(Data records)

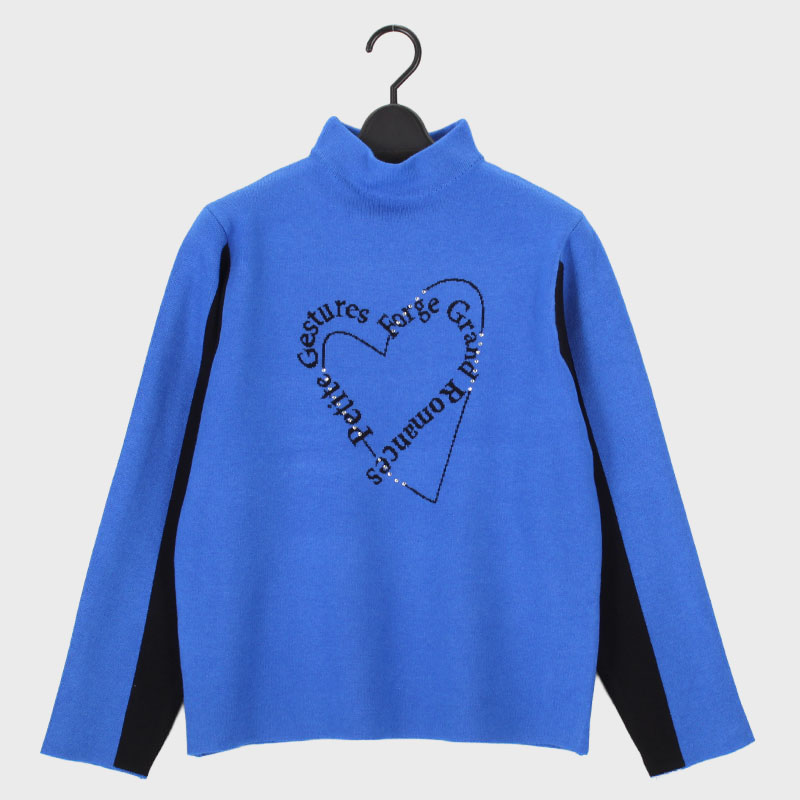 大西衣料(株)が運営する、【公式】卸・仕入れサイト『SELF WEB SHOP』で 婦人ニット「ロゴハートラインストーン」 をお仕入れ!
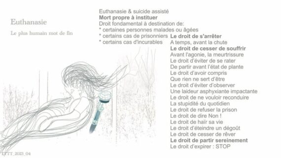 Thème de l’Euthanasie et du suicide assisté autorisé en Belgique, en Suisse et d’ici l’été en France grâce au travail mené par le projet de loi de La Convention citoyenne de la fin de vie 03/04/2023 reçue à l’Elysée ce Lundi 3 avril 2023. Dessin inspiré du documentaire sur Arte […]
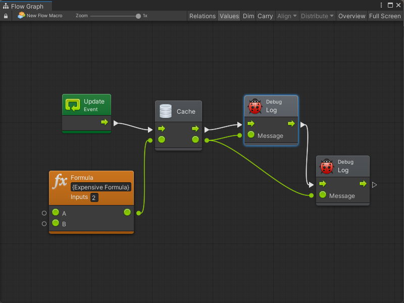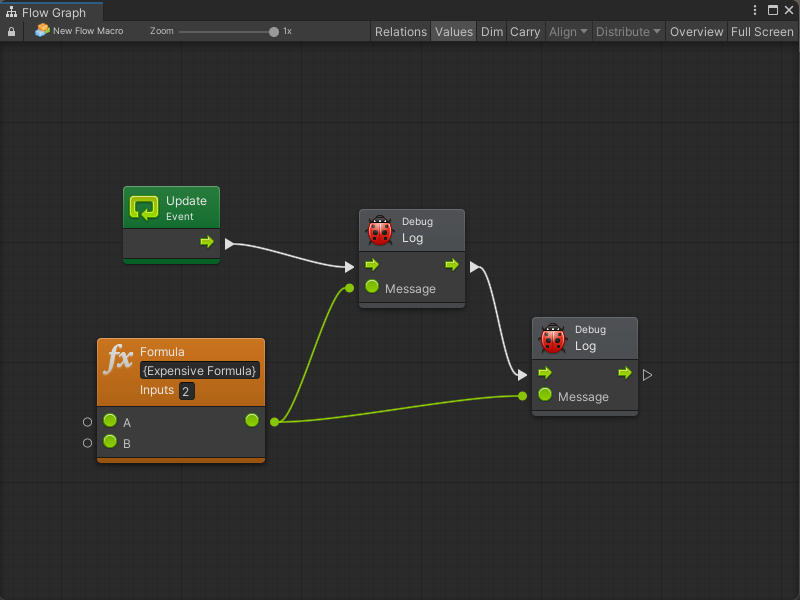 For example, pretend we had an expensive formula to calculate, and we wanted to log the result twice. Using this graph, the formula will be calculated twice:
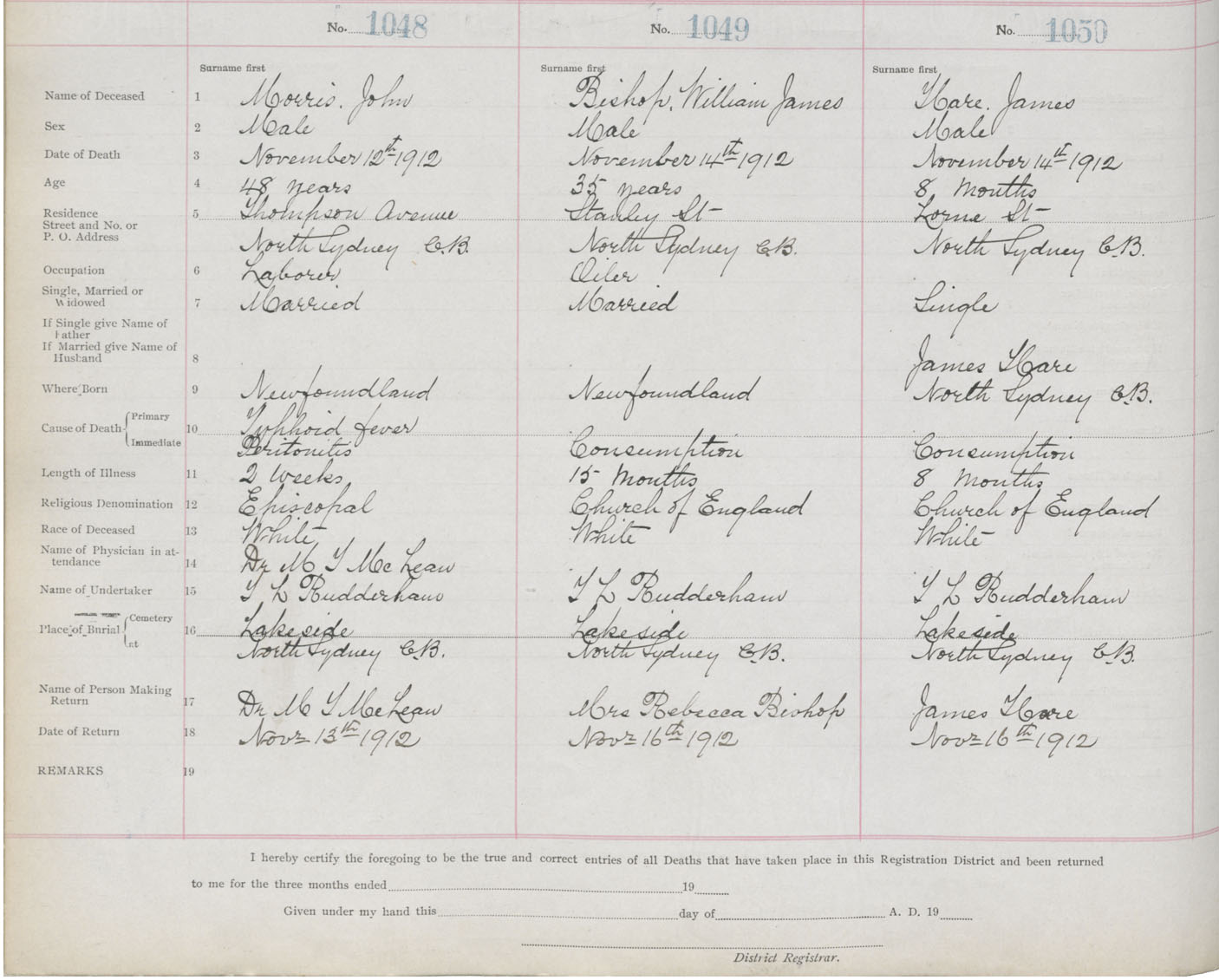 Death Registration: Year: 1912 book: 22 page: 175 number: 1048
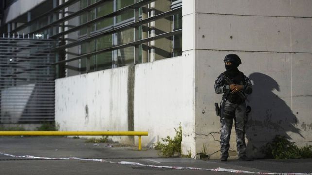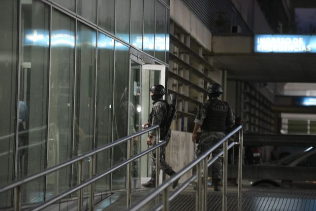 Tras la balacera, numerosos efectivos policiales con armas largas están custodiando el Hospital de Emergencias.
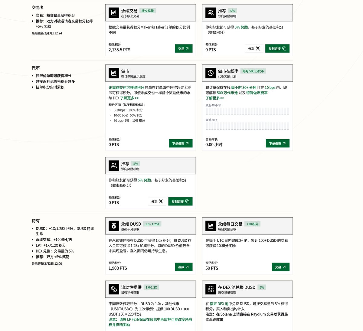 DUSD Vault 给到 1.25x,Perps Wallet 是 1x,很明显在引导大家把不用的资金放去吃收益和高倍积分,而把活跃资金留在交易账户。
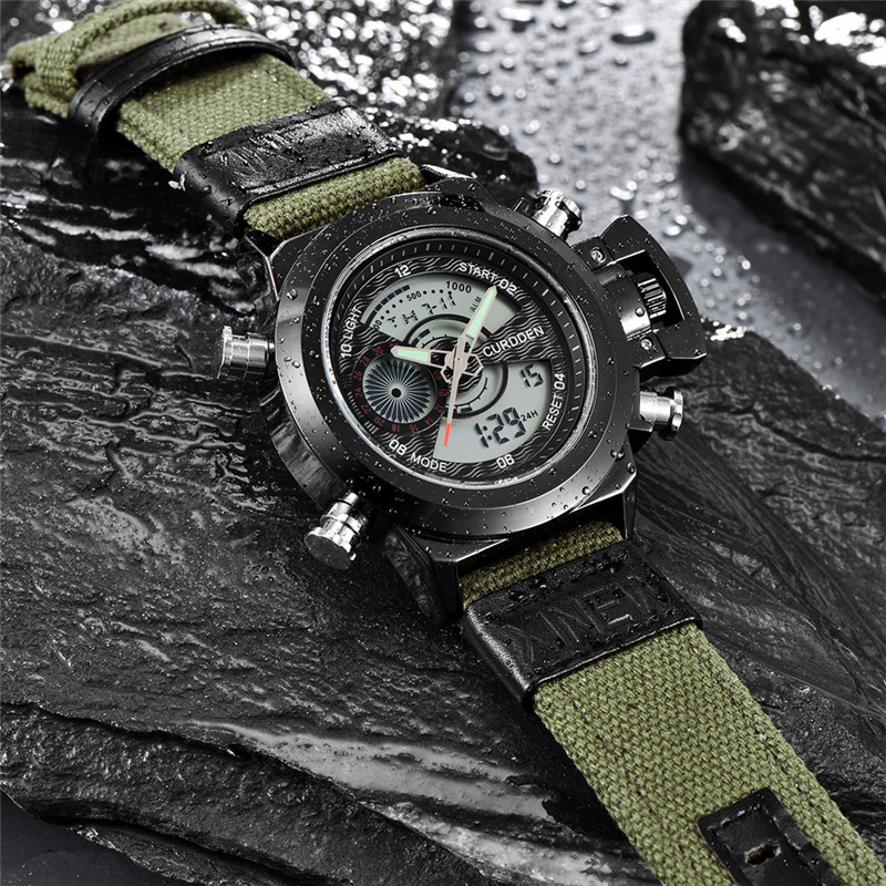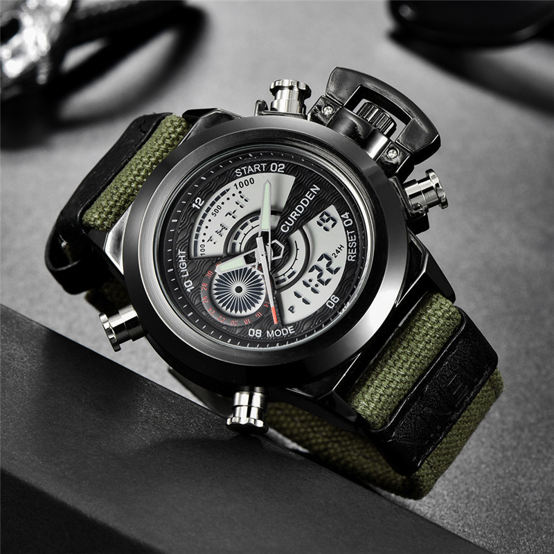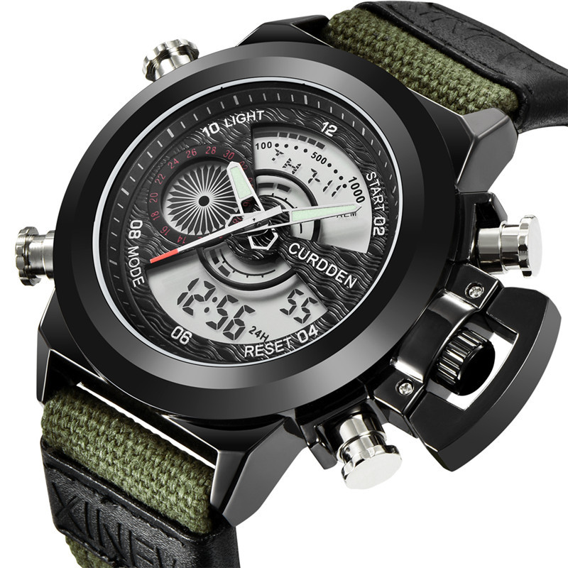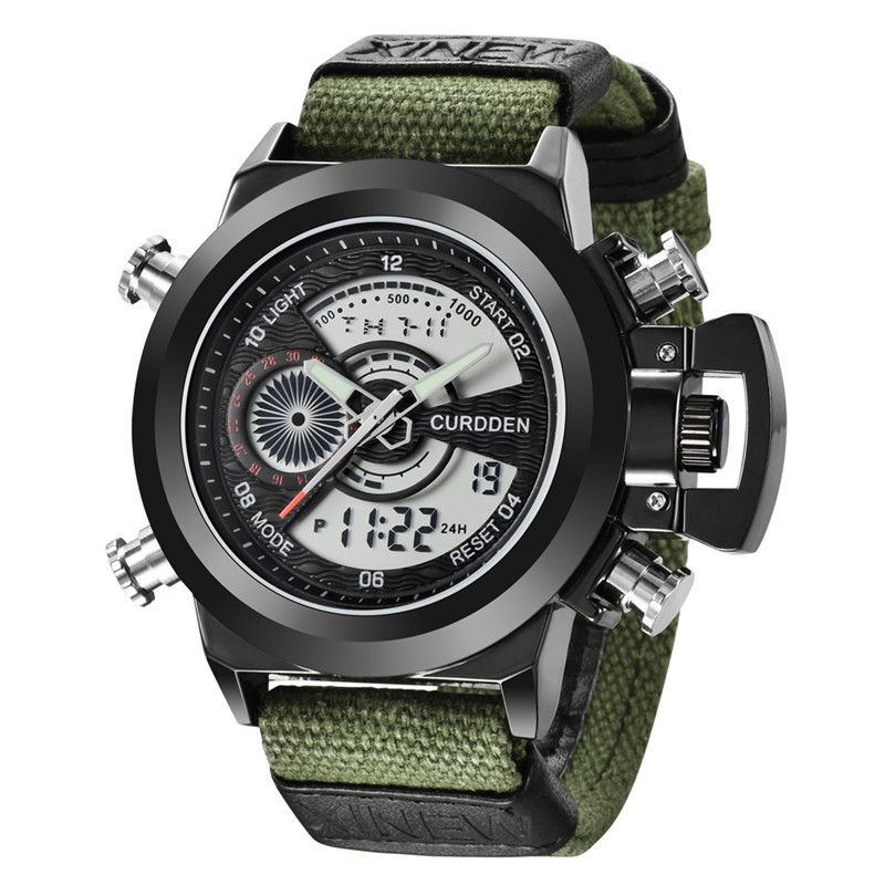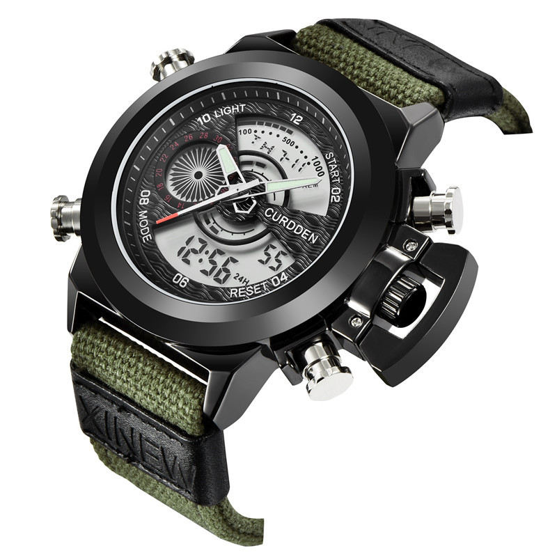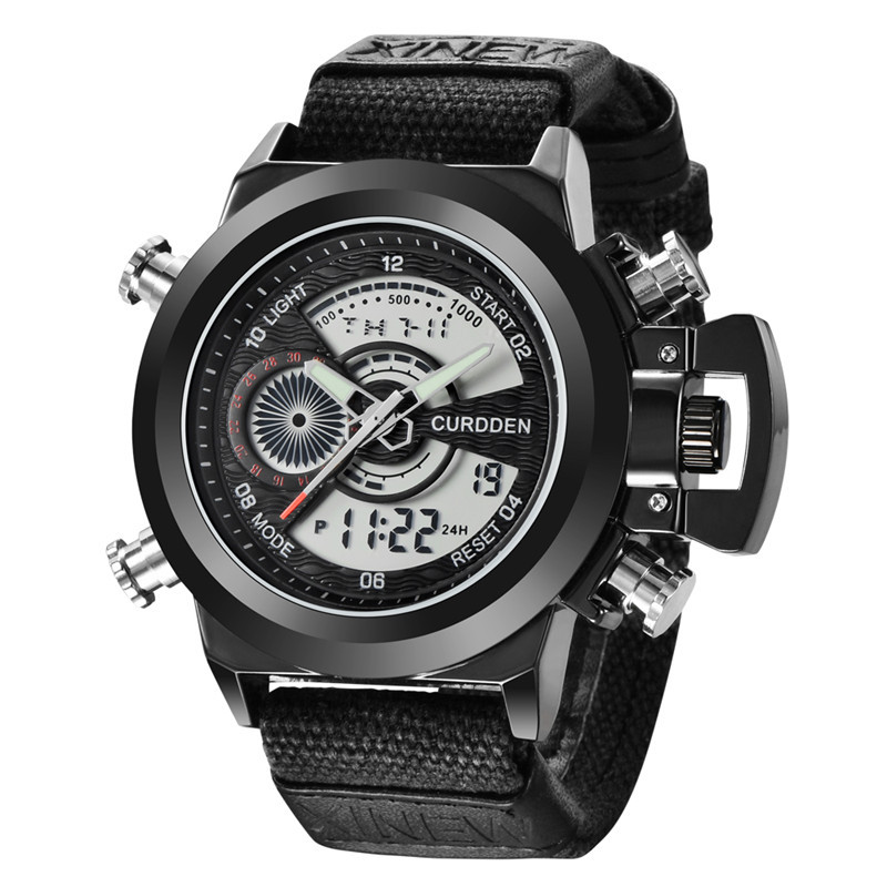 Relógio eletrônico de exibição dupla com cinto de nylon

■ Your instructions:
Pictures are not part of the copy; transcribe the rest of the data verbatim.

■ Answer to the exercise:
 大西衣料(株)が運営する、【公式】卸・仕入れサイト『SELF WEB SHOP』で 婦人ニット「ロゴハートラインストーン」 をお仕入れ!
 Thème de l’Euthanasie et du suicide assisté autorisé en Belgique, en Suisse et d’ici l’été en France grâce au travail mené par le projet de loi de La Convention citoyenne de la fin de vie 03/04/2023 reçue à l’Elysée ce Lundi 3 avril 2023. Dessin inspiré du documentaire sur Arte […]
 For example, pretend we had an expensive formula to calculate, and we wanted to log the result twice. Using this graph, the formula will be calculated twice:
 Death Registration: Year: 1912 book: 22 page: 175 number: 1048
 Tras la balacera, numerosos efectivos policiales con armas largas están custodiando el Hospital de Emergencias.
 DUSD Vault 给到 1.25x,Perps Wallet 是 1x,很明显在引导大家把不用的资金放去吃收益和高倍积分,而把活跃资金留在交易账户。
 Relógio eletrônico de exibição dupla com cinto de nylon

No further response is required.